I think database should have paused recovery then I could restore
additional wal-files and restart postgresql to continue with recover.

With large databases and a lot of wal-files it is time consuming to repeat parts of the process.

Best regards
Leif Gunnar Erlandsen


At Wed, 30 Jan 2019 15:53:51 +0000, leif@lako.no wrote in <a3bf3b8910cd5adb8a5fbc8113eac0ab@lako.no>
> Hi
> I have reported a bug via PostgreSQL bug report form, but havent got any response so far.
> This might not be a bug, but a feature not implemented yet.
> I suggest to make a small addition to StartupXLOG to solve the issue.

I can understand what you want, but it doesn't seem acceptable
since it introduces inconsistency among target kinds.

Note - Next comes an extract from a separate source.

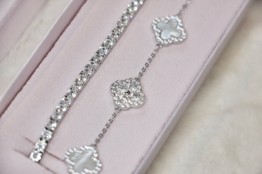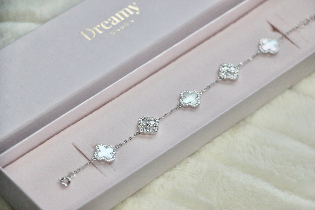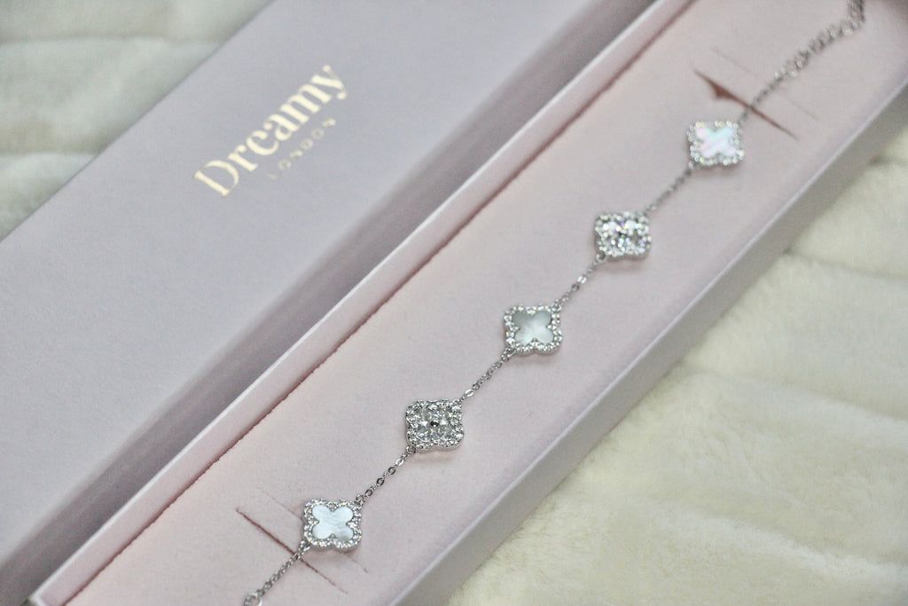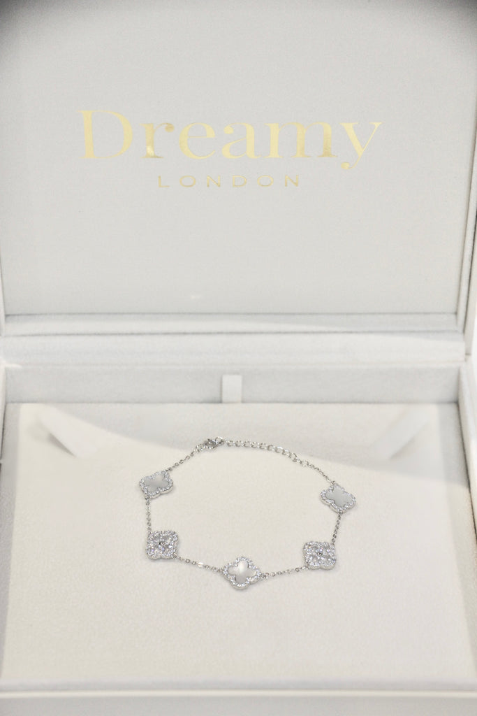 This stunning Sterling Silver Diamond Clover Bracelet with 5 motifs is perfect for adding a little sparkle to any look! Crafted with sterling silver & real mother of pearl. 3 clovers are highlighted by a halo of tiny sparkling stones, whilst 2 clovers feature an incredible sparkle that catches your eye every time you wear it.

> The scenario I want to solve is:
> Need to restore backup to another server.
>  Restores pgbasebackup files
>  Restores som wal-files
>  Extract pgbasebackup files
>  creates recover.conf with pit
>  Starts postgresql
>  recover ends before pit due to missing wal-files
>  database opens read/write
> 
> I think database should have paused recovery then I could restore 
> additional wal-files and restart postgresql to continue with recover.

I don't think no one expected that server follows
recovery_target_action without setting a target, so we can change
the behavior when any kind of target is specified. So I propose
to follow recovery_target_action even if not rached the target
when any recovery target isspecified.

With the attached PoC (for master), recovery stops as follows:

LOG:  consistent recovery state reached at 0/2F000000
LOG:  database system is ready to accept read only connections
rc_work/00000001000000000000002F’: No such file or directory
WARNING:  not reached specfied recovery target, take specified action anyway
DETAIL:  This means a wrong target or missing of expected WAL files.
LOG:  recovery has paused
HINT:  Execute pg_wal_replay_resume() to continue.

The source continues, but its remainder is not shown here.